Геномные векторы

Таким образом, были клонированы три сегмента генома Synechocystis: A,B и C длиной 26-, 38-, 43-kb соответственно). Для каждого сегмента создавались свои LPS, LPA плазмиды и LPA штаммы. Попытки клонировать сегменты длиннее 50 kb оказались безуспешными.

Поэтому в другой серии экспериментов был использован метод прямой селекции (рис.13), который также был применён для количественной оценки зависимости эффективности клонирования от размера вставки. Из дикого штамма Synechocystis PCC6803 был получен мутантный штамм BUSY1001, который в гене rnhB содержит вставку гена устойчивости к спектиномицину. Данный маркер и использовался для проведения прямой селекции рекомбинантов со вставкой генома Synechocystis .

В качестве BGM вектора выступал штамм B.subtilis BEST6016, несущий последовательность pBR322, вставленная в ген proB(как и BEST7003), а также ген устойчивости к неомицину [Pr-neo], вставленный в ген yvfC (неомициновый маркер BEST6016 в данных экспериментах не использовался).

В LPA плазмидах между двумя LPS находился ген устойчивости к эритромицину, и LPA штаммы отбирали по этому маркеру. Таким образом, были созданы 4 штамма B. subtilis для клонирования сегментов, содержащих rnhB::spc, длиной от 14 до 77 kb. После трансформации препаратом генома Synechocystis BUSY1001 шёл прямой отбор рекомбинантов по их устойчивости к спектиномицину. Было показано, что эффективность клонирования понижается с увеличением размера клонируемого сегмента.
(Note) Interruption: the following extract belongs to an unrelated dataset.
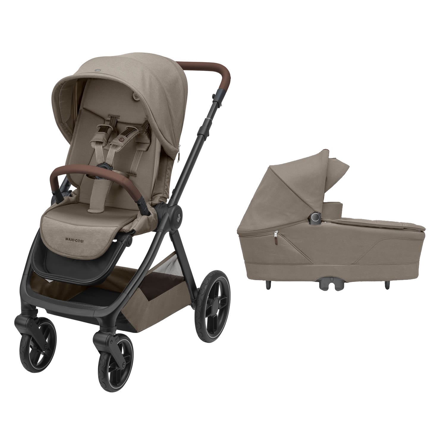 The Maxi-Cosi Oxford+ – Twillic Truffle features the spacious and compact folding Oxford pushchair as well as the luxuriously comfortable Sense carrycot. No matter where your adventures take you, your newborn can sleep gently through every outing thanks to the Sense carrycot’s spacious design and breathable memory foam mattress. Oxford+ allows you to attach not only a carrycot but also your Maxi-Cosi car seat as part of a comprehensive 3-in-1 travel system.

С помощью BGM вектора BEST6016 также был клонирован 120-kb фрагмент геномной ДНК мыши (Itaya et al.,2000). Клонирование фрагмента шло в несколько этапов (рис.14). Сначала в BEST6016 клонировали первый фрагмент длиной 20 kb, а затем путём трансформации и гомологичной рекомбинации к нему были добавлены несколько фрагментов, в результате чего он был удлинён до 120 kb. Все проведённые манипуляции были аналогичны описанным выше.
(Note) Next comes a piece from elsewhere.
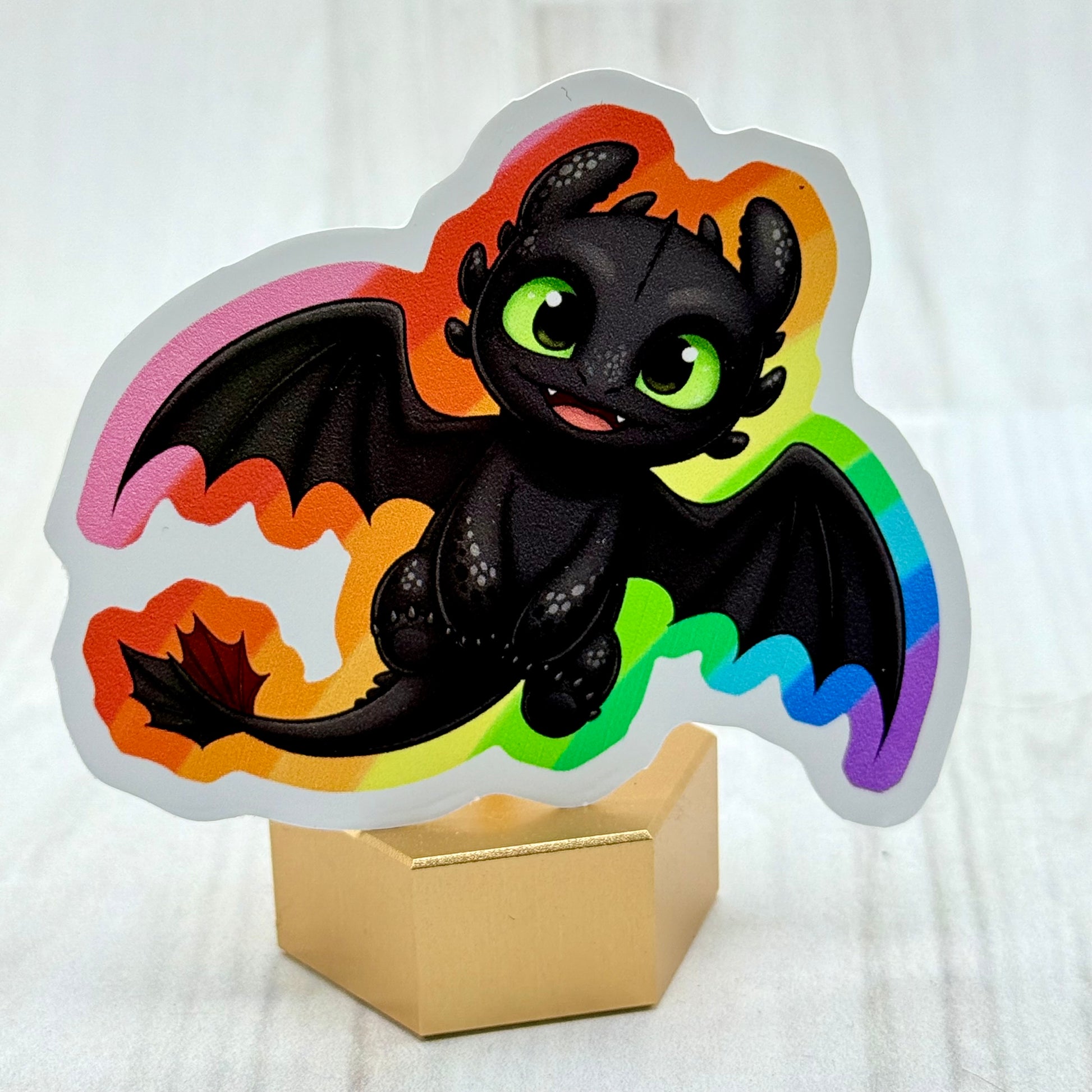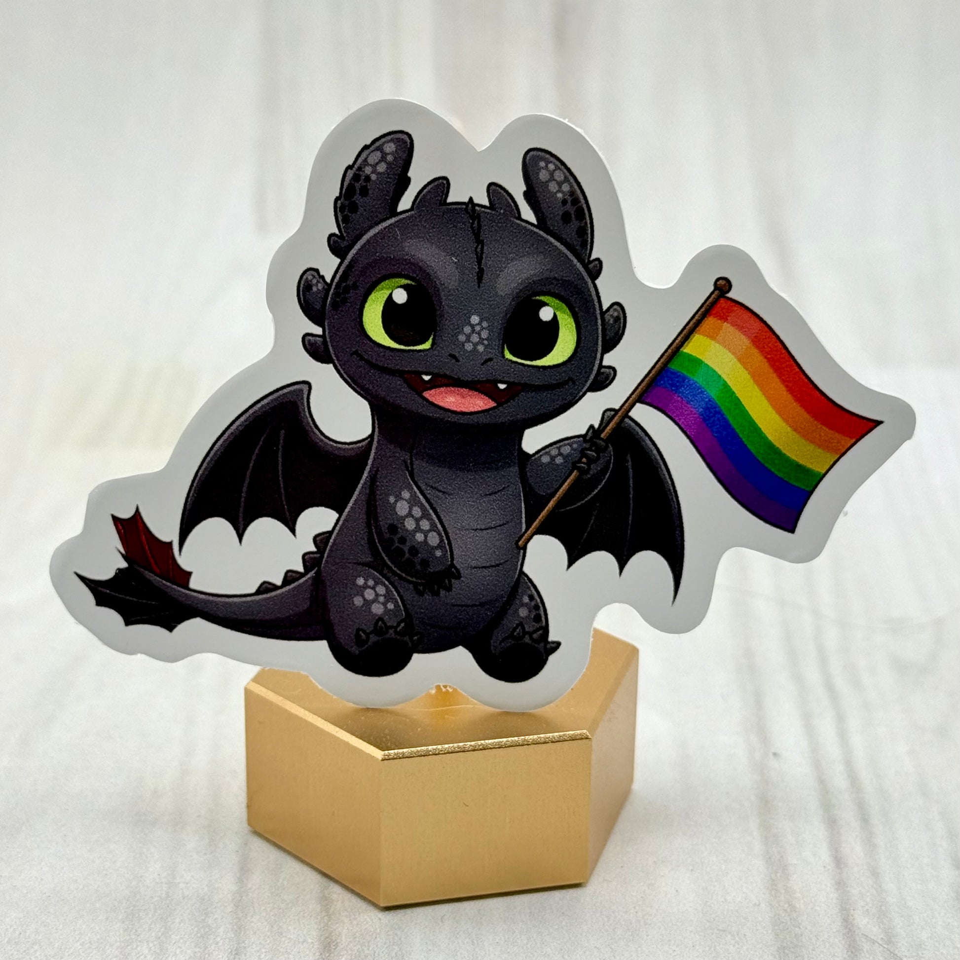 Show your colors with this bold and magical Flag Dragon sticker! Featuring a night dragon reimagined with vibrant rainbow wings and a pride flag in tow, this 3-inch vinyl sticker is perfect for laptops, water bottles, journals, or collector displays. Durable, waterproof, and weatherproof, it’s a fun way to celebrate both fandom and pride.
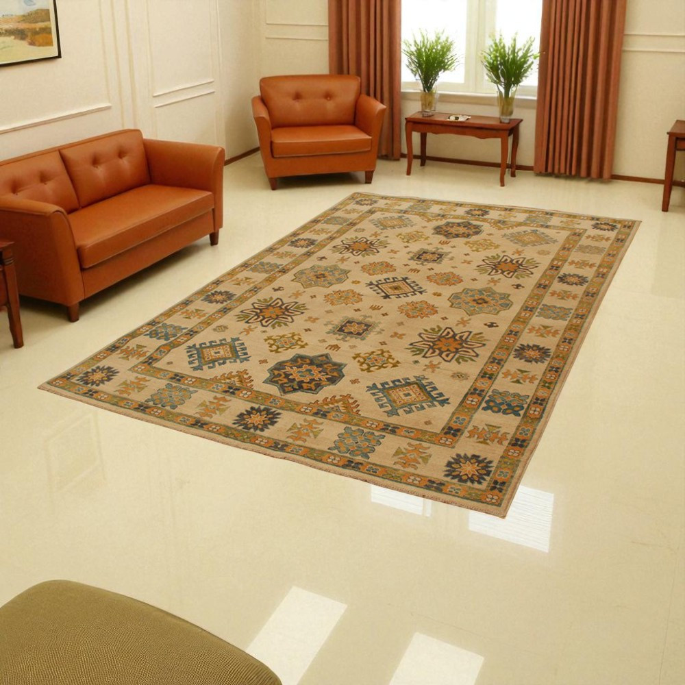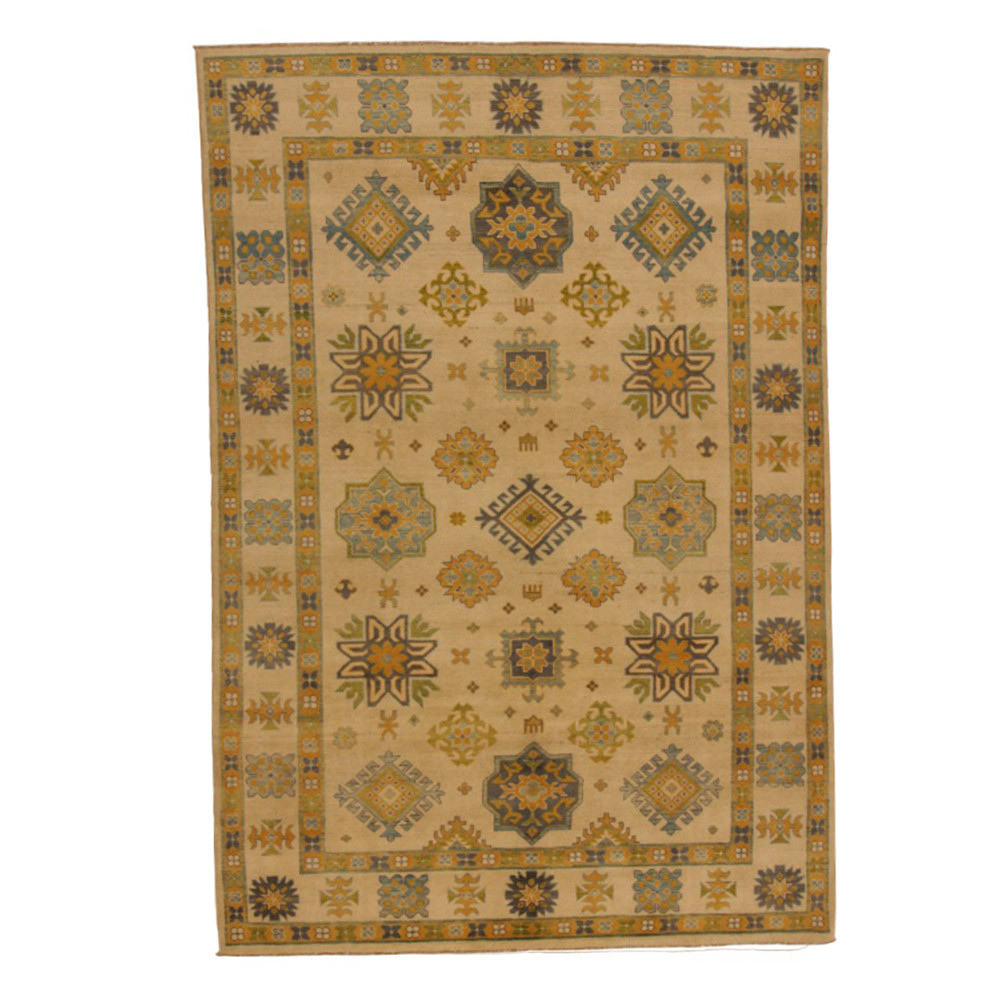 Preproga Kazak je postala priljubljena predvsem zaradi svojih toplih in svetlih barv. Notranji oblikovalci jo najpogosteje priporočajo za klasično opremljene domove. Njeni vzorci so navdihnjeni z ruskimi geometrijskimi vzorci. Imenuje se samo kazahstanska preproga, vendar je afganistanska preproga. Uporabljena volna je obarvana z naravnimi rastlinskimi barvili. Za orientalsko preprogo Kazak je značilna izrazita barvna shema. Njena prednost je, da zaradi svetlih barv ne zatemni vzdušja v sobi. Kot preproga za dnevno sobo se odlično ujema z barvami zofe ali kavne mizice. Kot preproga za spalnico se uporablja tudi na obeh straneh postelje. V tem primeru je dovolj, če se barve preprog ujemajo. Vsak korak pri izdelavi preproge je 100% ročno vozlanje. Zaradi svoje trpežnosti jo lahko položite v najbolj obremenjene dnevne sobe. Tehnika vozlanja orientalskih preprog Kazak se imenuje Gheordes, kar pomeni dvojno vozlanje. Ko je preproga končana, se štirikrat opere in nato posuši na soncu. Ne vsebuje nobenih alergenih snovi.

С помощью BGM вектора BEST7003 был клонирован ген мыши jumonji (jmj) (Kaneko et al., 2003). Данный ген имеет размер около 200 kb. Предполагалось, что с первым интроном длиной 90 kb взаимодействуют какие-то белковые факторы, благодаря чему происходит регуляция экспрессии данного гена. Чтобы проверить это, были получены фрагменты данного интрона разной длины. Для этого в вектор BEST7003 аналогично описанной процедуре ввели 110 kb фрагмент гена, включающий первые два интрона. Далее с помощью гомологичной рекомбинации была произведена серия делеций (рис.15) и были получены несколько сегментов первого интрона различной длины. Процесс введения делеций по сути является обратным процессу удлинения фрагмента.
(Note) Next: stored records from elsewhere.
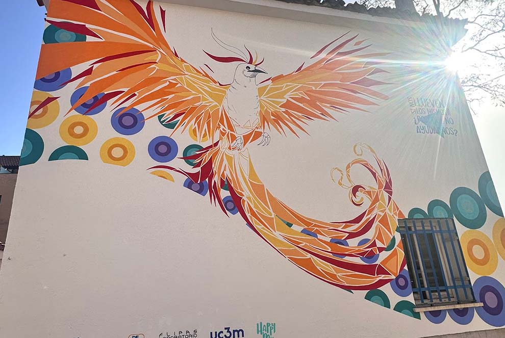11/19/2024 Desde este momento se podrá observar en una de las paredes exteriores del CTA (Centro de Tratamiento de Adicciones de Leganés) el nuevo mural sobre el ave fénix. En la C/ Vicente Alexandre, 16.
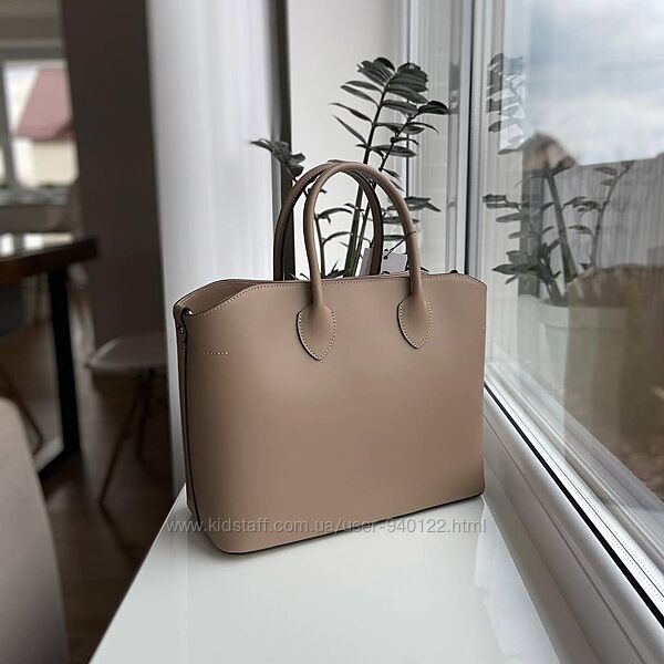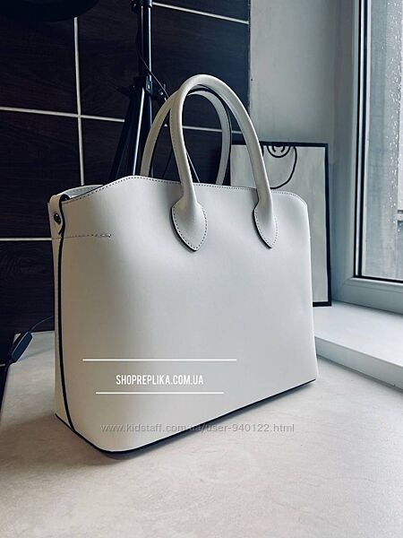 Сумка белая кожаная женская итальянская каркасная шоппер тоут31×24×14 см.
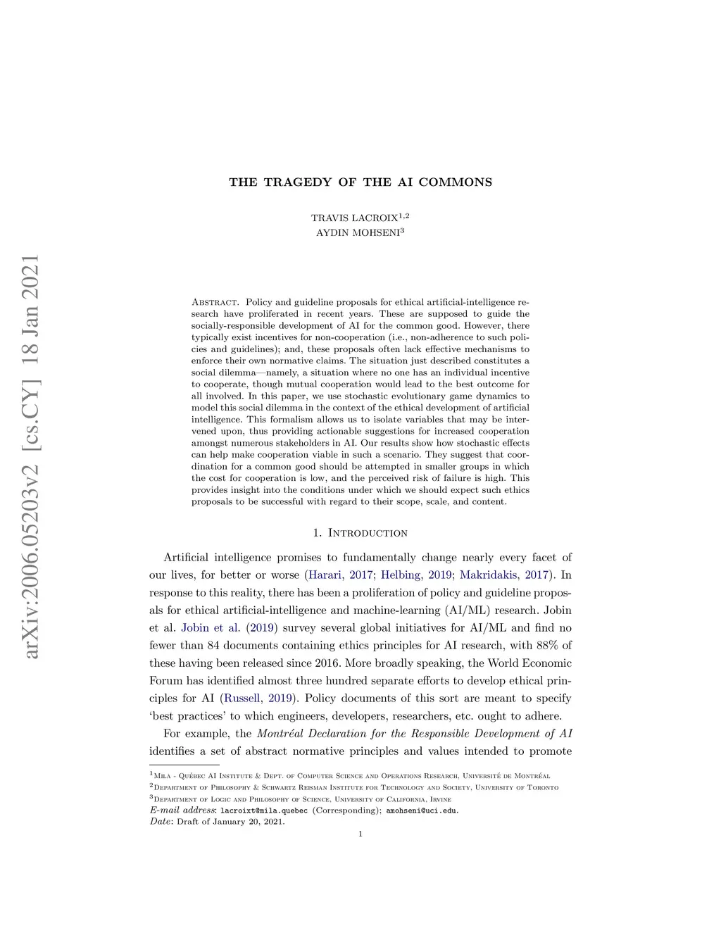 Policy and guideline proposals for ethical artificial-intelligence research have proliferated in recent years. These are supposed to guide the socially-responsible development of AI for the common good. However, there typically exist incentives for non-cooperation (i.e., non-adherence to such policies and guidelines); and, these proposals often lack effective mechanisms to enforce their own normative claims. The situation just described constitutes a social dilemma; namely, a situation where no one has an individual incentive to cooperate, though mutual cooperation would lead to the best outcome for all involved. In this paper, we use stochastic evolutionary game dynamics to model this social dilemma in the context of the ethical development of artificial intelligence. This formalism allows us to isolate variables that may be intervened upon, thus providing actionable suggestions for increased cooperation amongst numerous stakeholders in AI. Our results show how stochastic effects can help make cooperation viable in such a scenario. They suggest that coordination for a common good should be attempted in smaller groups in which the cost for cooperation is low, and the perceived risk of failure is high. This provides insight into the conditions under which we should expect such ethics proposals to be successful with regard to their scope, scale, and content.

Рис.14. Объединение двух фрагментов ДНК мыши длиной по 25 kb в один фрагмент длиной 50 kb. S2, S1, M1 - LPS-последовательности. BEST2257, BGM вектор BEST6016 со вставкой первого 25 kb фрагмента. neo, ген устойчивости к неомицину, Показаны следующие этапы: [1] клонирование S1и S2 в плазмиде производной pBR322 (между S1и S2 расположен гены cI); [2] вставка в BEST2257 фрагментов S1и S2 вместе с геном cI (, репрессия гена neo продуктом гена cI). Вставка происходит в результате гомологичной рекомбинация по LPS-последовательности S1 и части pBR322 последовательности; [3] замещение cI вторым 25 kb фрагментом.

Во всех вышеописанных экспериментах клонированные в геномном векторе сегменты реплицировались как часть генома B. subtilis, поэтому они проявляли высокую структурную и сегрегационную стабильность. Клонированная ДНК стабильно сохранялась в геноме даже при выращивании в неселективной среде. При этом скорость роста рекомбинантов со вставкой части генома была такой же, как и у клеток без вставки.